Description:[001] The present invention relates to the field of medical imaging and artificial intelligence, specifically focusing on the automated detection, classification, and severity assessment of brain tumors using advanced machine learning and deep learning techniques. More particularly, the invention integrates superpixel-based image segmentation with a Transferable Ensemble Learning Deep Convolutional Neural Network (TEL-DCNN) for feature extraction and classification, along with a Bayesian Probability Layer enhanced with Fuzzy Logic (BPL-Fuzzy) for precise severity evaluation. This invention aims to enhance diagnostic accuracy, reduce manual intervention, and provide a robust system for real-time tumor assessment in clinical settings.
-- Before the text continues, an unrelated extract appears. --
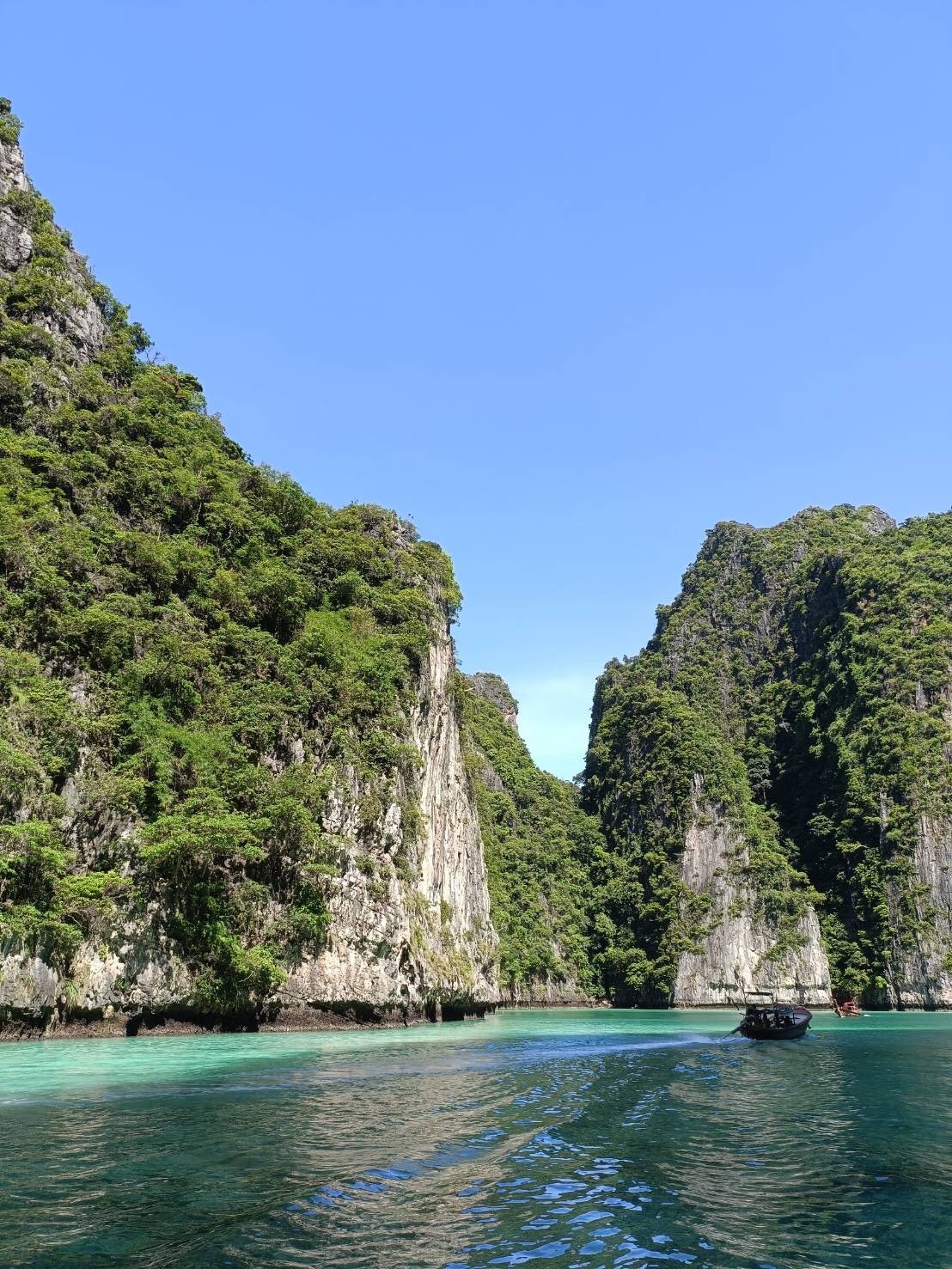 อีกจุดในหนังเรื่อง เดอะ บีช ที่สวยมากๆ อ่าวมาหยา หน้าหาดทางเจ้าหน้าที่จะไม่อนุญาติให้ลงเล่นน้ำนะคะ ลงน้ำได้ไม่เลยเข่าค่ะ ถ่ายภาพสวยๆ กับหาดทรายขาว น้ำใสแจ๋ว ดีงามมากๆ ถ้าโชคดีจะเจอฝูงปลาฉลามครีบดำว่ายเล่นอยู่ในอ่าวด้วยนะคะ

BACKGROUND OF THE INVENTION
[002] Brain tumors are among the most critical and life-threatening conditions affecting the central nervous system. The early detection and accurate classification of brain tumors play a vital role in determining the appropriate treatment and improving patient survival rates. Medical imaging techniques, particularly Magnetic Resonance Imaging (MRI), are widely used for brain tumor diagnosis due to their non-invasive nature and ability to provide high-resolution images of brain tissue. However, analyzing MRI scans manually is time-consuming, highly dependent on radiologists' expertise, and prone to human error, leading to potential misdiagnoses or delayed treatment.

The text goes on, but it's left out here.